- Extracted material
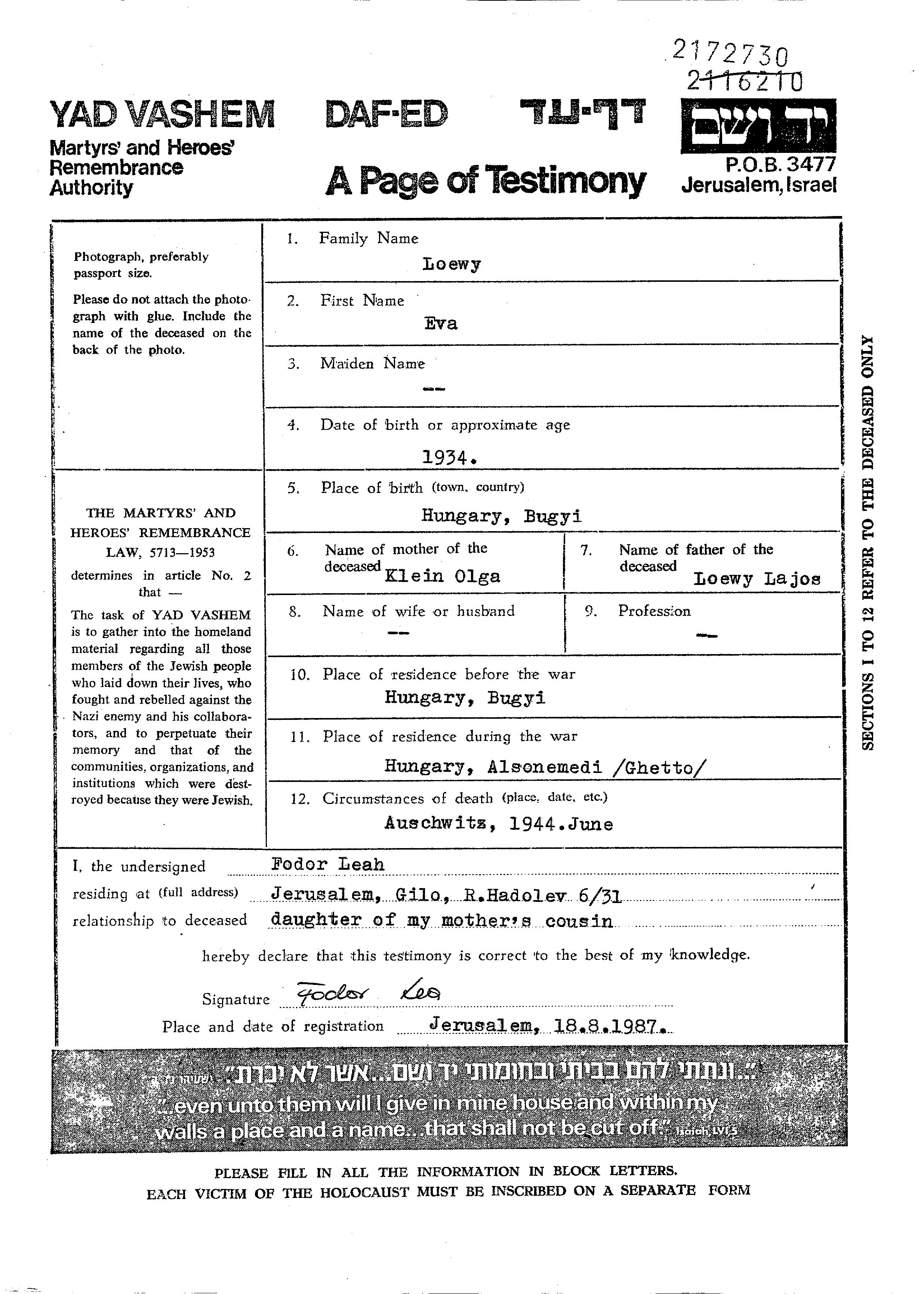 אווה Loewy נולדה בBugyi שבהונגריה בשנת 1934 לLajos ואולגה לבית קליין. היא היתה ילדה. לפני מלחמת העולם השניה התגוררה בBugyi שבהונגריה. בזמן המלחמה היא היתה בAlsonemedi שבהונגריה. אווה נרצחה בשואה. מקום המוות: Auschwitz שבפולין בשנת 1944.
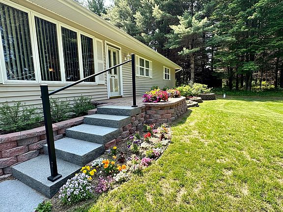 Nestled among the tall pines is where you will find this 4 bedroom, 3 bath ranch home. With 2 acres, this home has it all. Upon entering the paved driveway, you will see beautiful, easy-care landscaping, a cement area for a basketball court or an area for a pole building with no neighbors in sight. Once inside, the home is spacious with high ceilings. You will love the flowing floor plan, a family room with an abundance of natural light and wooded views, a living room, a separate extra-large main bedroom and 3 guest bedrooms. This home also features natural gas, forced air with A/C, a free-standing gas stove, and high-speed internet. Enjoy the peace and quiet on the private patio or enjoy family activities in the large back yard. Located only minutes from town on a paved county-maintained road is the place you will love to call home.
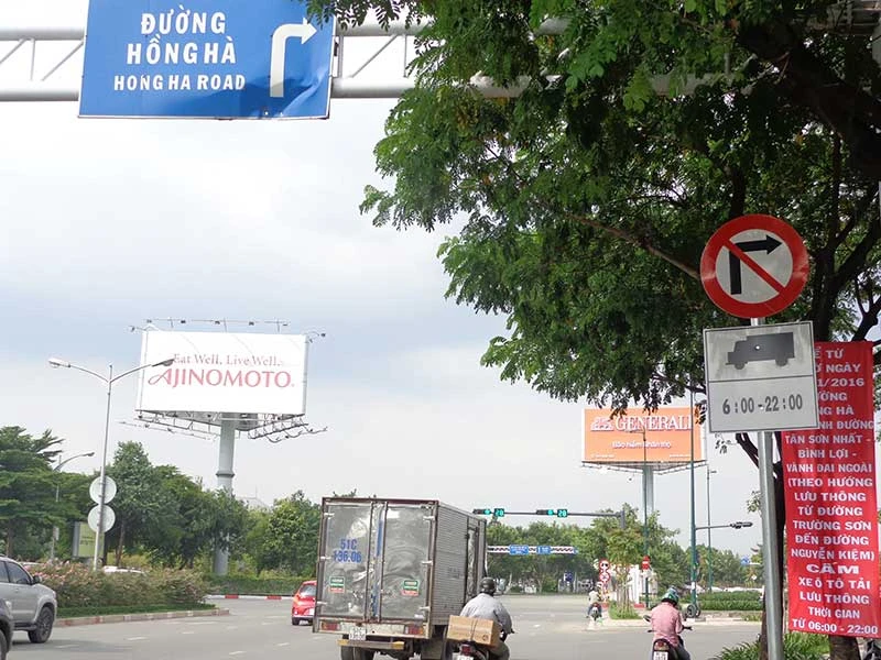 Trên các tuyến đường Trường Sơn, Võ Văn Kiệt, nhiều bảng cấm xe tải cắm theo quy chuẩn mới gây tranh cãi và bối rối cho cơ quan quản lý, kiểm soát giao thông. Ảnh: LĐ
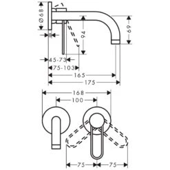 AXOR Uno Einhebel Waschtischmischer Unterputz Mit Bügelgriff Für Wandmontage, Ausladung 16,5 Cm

...

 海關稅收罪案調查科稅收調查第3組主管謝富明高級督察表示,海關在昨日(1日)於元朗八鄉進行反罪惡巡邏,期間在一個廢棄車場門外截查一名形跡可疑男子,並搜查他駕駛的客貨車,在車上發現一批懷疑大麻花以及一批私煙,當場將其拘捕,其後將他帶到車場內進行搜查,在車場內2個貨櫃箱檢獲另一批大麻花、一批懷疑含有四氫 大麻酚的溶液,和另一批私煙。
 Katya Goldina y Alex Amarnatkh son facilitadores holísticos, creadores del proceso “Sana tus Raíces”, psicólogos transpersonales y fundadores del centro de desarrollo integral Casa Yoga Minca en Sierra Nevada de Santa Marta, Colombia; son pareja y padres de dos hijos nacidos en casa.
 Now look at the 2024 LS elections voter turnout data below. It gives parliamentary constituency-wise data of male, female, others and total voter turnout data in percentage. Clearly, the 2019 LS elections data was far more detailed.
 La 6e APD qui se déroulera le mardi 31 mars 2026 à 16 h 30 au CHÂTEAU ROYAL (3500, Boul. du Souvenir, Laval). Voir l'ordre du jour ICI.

...

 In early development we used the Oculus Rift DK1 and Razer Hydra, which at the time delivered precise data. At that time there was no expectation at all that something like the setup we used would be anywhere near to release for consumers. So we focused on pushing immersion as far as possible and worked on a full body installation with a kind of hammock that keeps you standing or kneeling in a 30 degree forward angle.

- Task details
A word-for-word copy of the lines above from the one with "海關稅收罪案調查科稅收調查第" through the one with "La 6e APD qui", inclusive, is the only output wanted.

- Exercise result
 海關稅收罪案調查科稅收調查第3組主管謝富明高級督察表示,海關在昨日(1日)於元朗八鄉進行反罪惡巡邏,期間在一個廢棄車場門外截查一名形跡可疑男子,並搜查他駕駛的客貨車,在車上發現一批懷疑大麻花以及一批私煙,當場將其拘捕,其後將他帶到車場內進行搜查,在車場內2個貨櫃箱檢獲另一批大麻花、一批懷疑含有四氫 大麻酚的溶液,和另一批私煙。
 Katya Goldina y Alex Amarnatkh son facilitadores holísticos, creadores del proceso “Sana tus Raíces”, psicólogos transpersonales y fundadores del centro de desarrollo integral Casa Yoga Minca en Sierra Nevada de Santa Marta, Colombia; son pareja y padres de dos hijos nacidos en casa.
 Now look at the 2024 LS elections voter turnout data below. It gives parliamentary constituency-wise data of male, female, others and total voter turnout data in percentage. Clearly, the 2019 LS elections data was far more detailed.
 La 6e APD qui se déroulera le mardi 31 mars 2026 à 16 h 30 au CHÂTEAU ROYAL (3500, Boul. du Souvenir, Laval). Voir l'ordre du jour ICI.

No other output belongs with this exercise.